## Goal of the exercise
Set down only the lines from the one containing "Πολυθρόνα με μαξιλάρι" through the final line of the entries below, exactly as they stand, with no pictures.

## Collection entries
*** Begin section ***

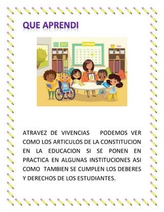 El documento habla sobre la primera clase donde el licenciado compartió artículos de la constitución sobre educación y los estudiantes realizaron un cuadro sobre si la educación cumple o no con cada artículo. También menciona que a través de experiencias se puede ver cómo algunos artículos de la constitución sobre educación se aplican en algunas instituciones al igual que los deberes y derechos de los estudiantes.
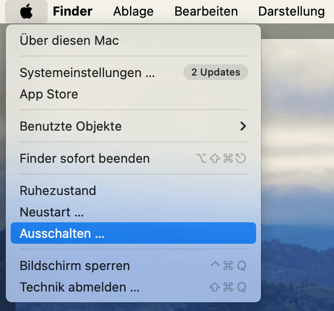 To shut down the iMac, click the Apple at the top left of the screen, then click Ausschalten … and confirm this in the pop-up window.
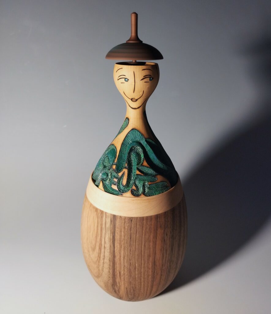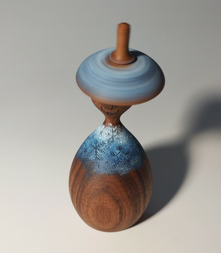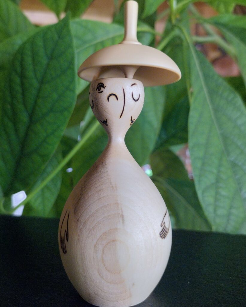 J’ai tourné ma première toupie dame en avril 2022. Il existe des toupies dames en bois brut, peintes, pyrogravées, sculptées. Certaines rendent hommages à des personnes, leurs valeurs. Les toupies dames deviennent alors porteuses de messages. Chaque dame est unique et signée.
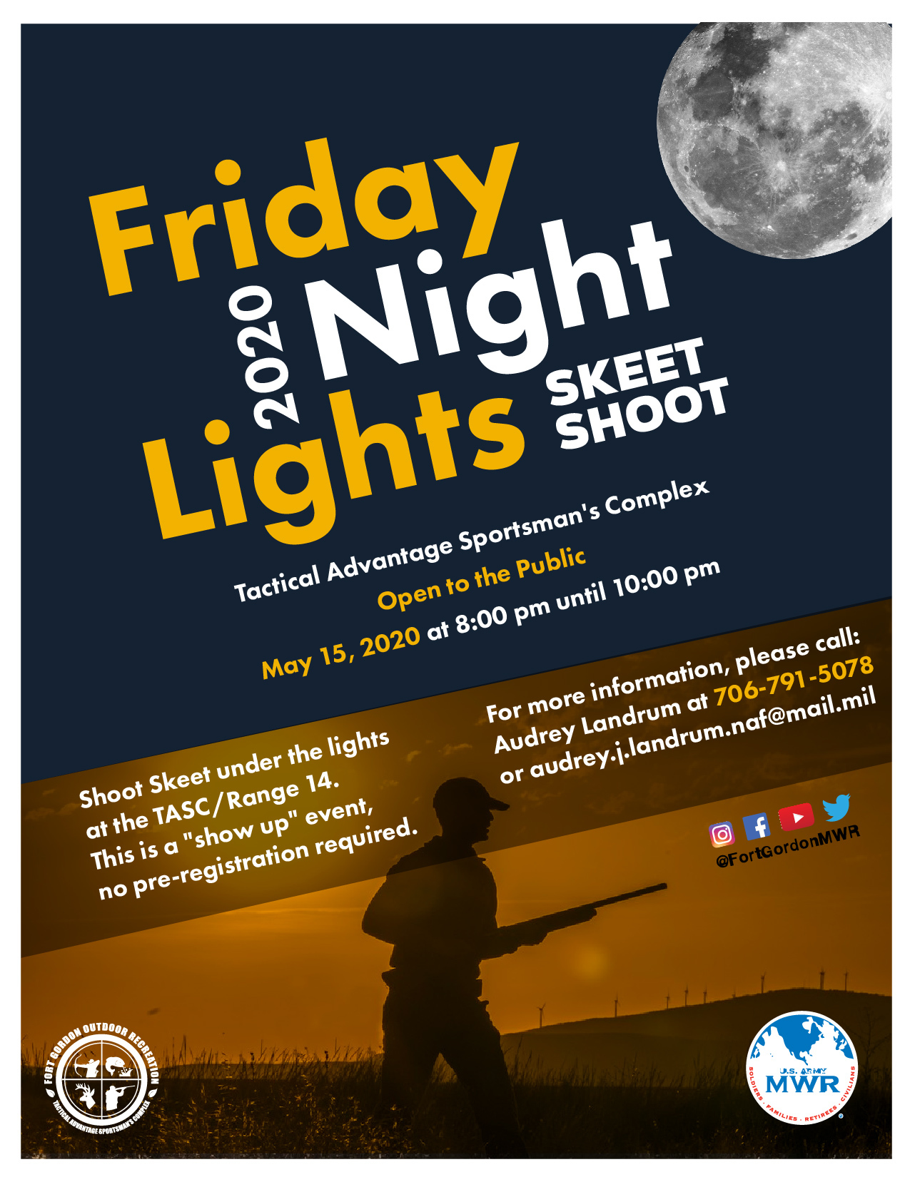 This is a fun event that requires no registration - show up ready to aim and fire! You must have an approved Fort Gordon Form 9423 before bringing your firearm on the installation. DO NOT attempt to bring your firearm on post without this form!
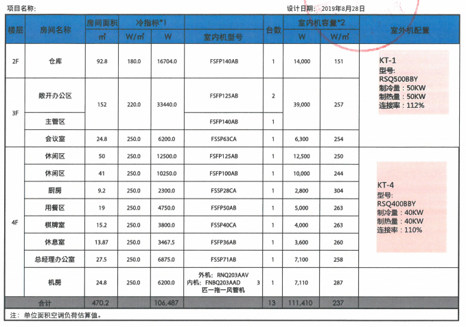 空調系統(tǒng)配置表
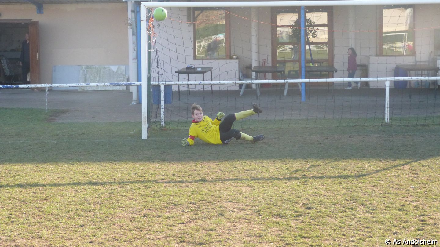 0/1 pour les titi boys, le bal était ouvert OUF finit les poteaux et autres,ien que la possession soit à 80/85% pour Ando et des occasion à GOGO rien ne rentrait... les poteaux ont eu plus de frissons par les nos tirs que par la température , et si on calculait le score aux corner on en serait à 15/2 pour dire !!!!!!!!!!!!!!!!!!!!!! on arrivé au terme du 3éme quart temps, Horbourg sur une des rares occasions et un flottement de nos arrières nous surprend et égalise 1/1, bien que je sois rarement à critiquer l’arbitrage là si on revient juste avant l’action deux mains n’avaient pas été sifflé et nos arrières pensaient qu’il y avait faute mais NON on ne dis rien aux jugements de l’arbitre mais quand même ,le jeu continua et à 1/1 ,SCORE ne reflétant nullement la rencontre les TITI BOY’S repartir à l’attaque et quand soudain d’une frappe de Matt le ballon vient heurter un très bon gardien adverse (qui est une fille bravo à elle ) et d’une rage de renard de surface notre Hector tira et… !!!!!!!!!!!!!!!!!!!!!
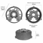 O mancal traseiro faz o fechamento do alternador. Cada mancal é feito com uma estrutura que assegura a absorção de esforços radiais e axiais e permite os regimes de rotação que o motor exige.
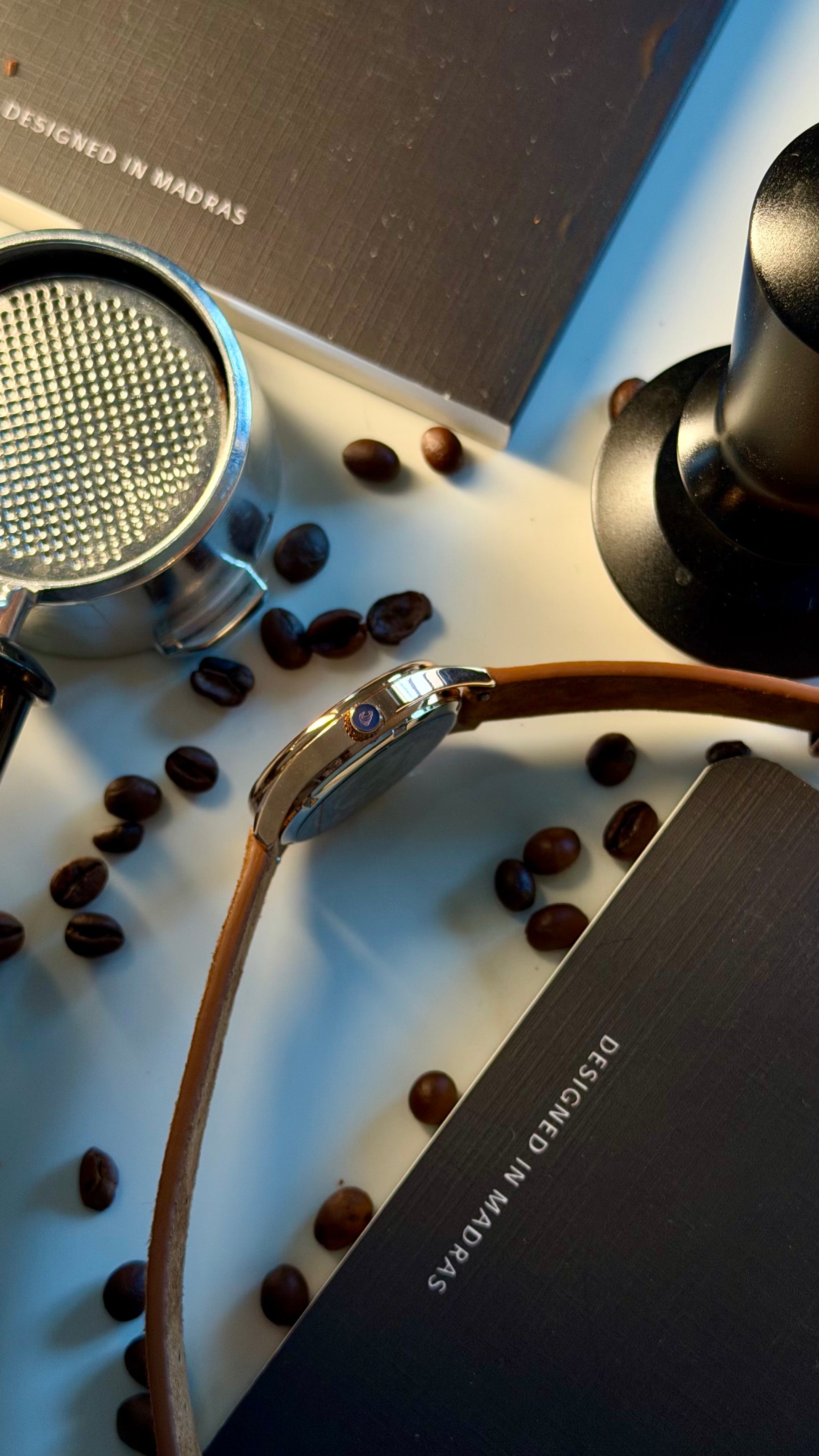Powered by a reliable Japanese GM12 quartz movement and paired with a soft suede leather strap, the Kaappi Edition is built for daily wear with 100 metres of water resistance.
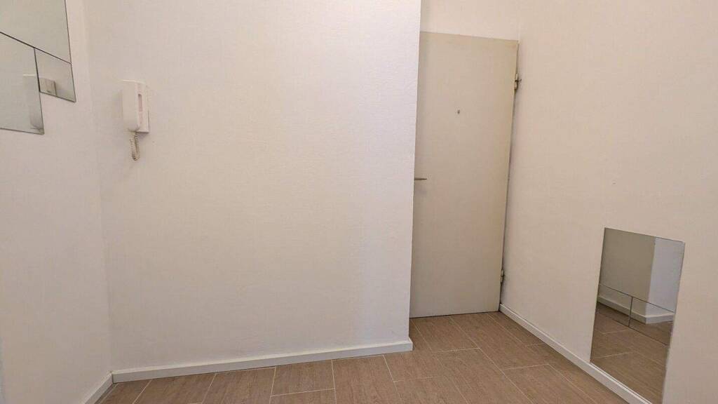 Vorzimmer: Die Wohnung wird durch eine klassische Eingangstür betreten und ist angenehm groß und bietet genug Platz für eine Garderobe und ein Schuhregal. Hier befindet sich ein sehr geschmackvoller Fliesenboden in Holzoptik.
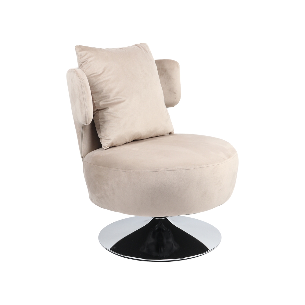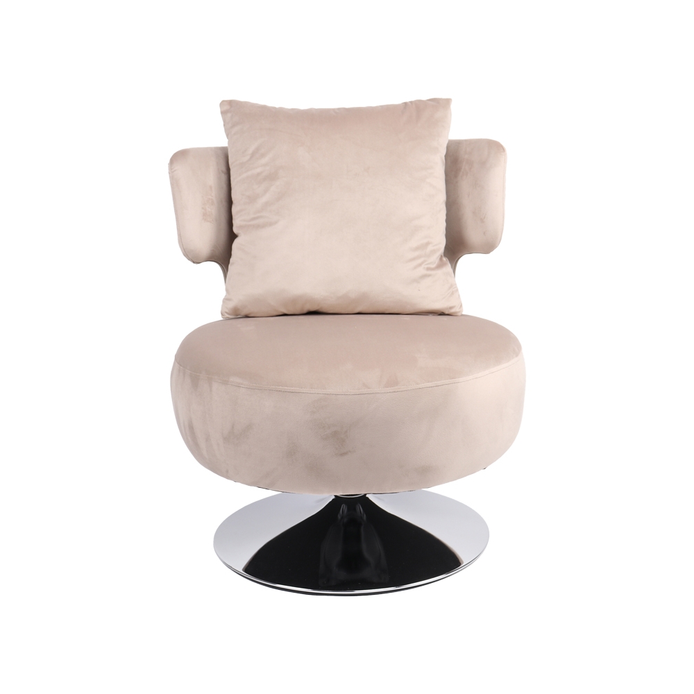 Πολυθρόνα με μαξιλάρι Percival pakoworld ύφασμα μπεζ-βάση χρωμίου 76x67x76εκ
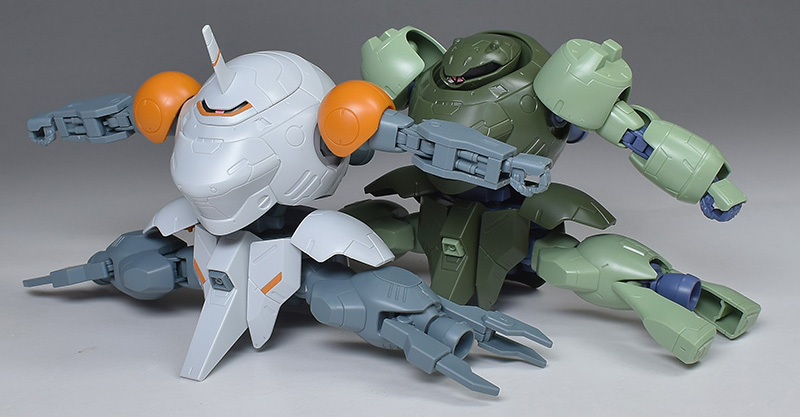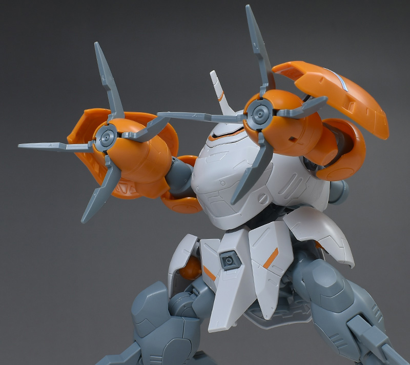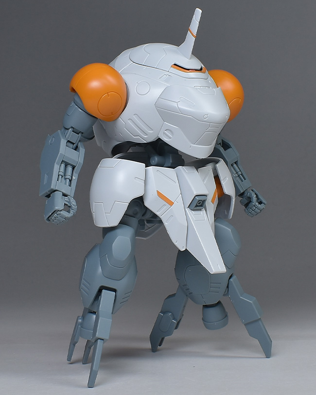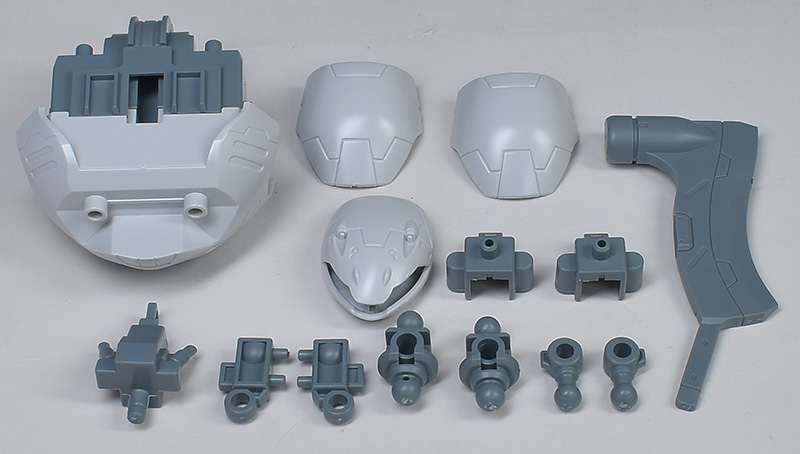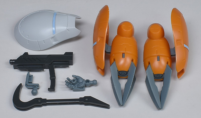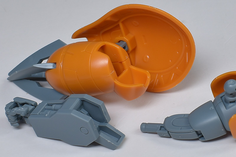 成形色はややくすみのあるホワイトとグレーを基調に、肩部やモンキークラブロディ用の腕部、手榴弾にオレンジを配色。その他、武装類がダークグレー成形色での再現となっています。

*** End section ***

## Solution to the exercise
 Πολυθρόνα με μαξιλάρι Percival pakoworld ύφασμα μπεζ-βάση χρωμίου 76x67x76εκ
 成形色はややくすみのあるホワイトとグレーを基調に、肩部やモンキークラブロディ用の腕部、手榴弾にオレンジを配色。その他、武装類がダークグレー成形色での再現となっています。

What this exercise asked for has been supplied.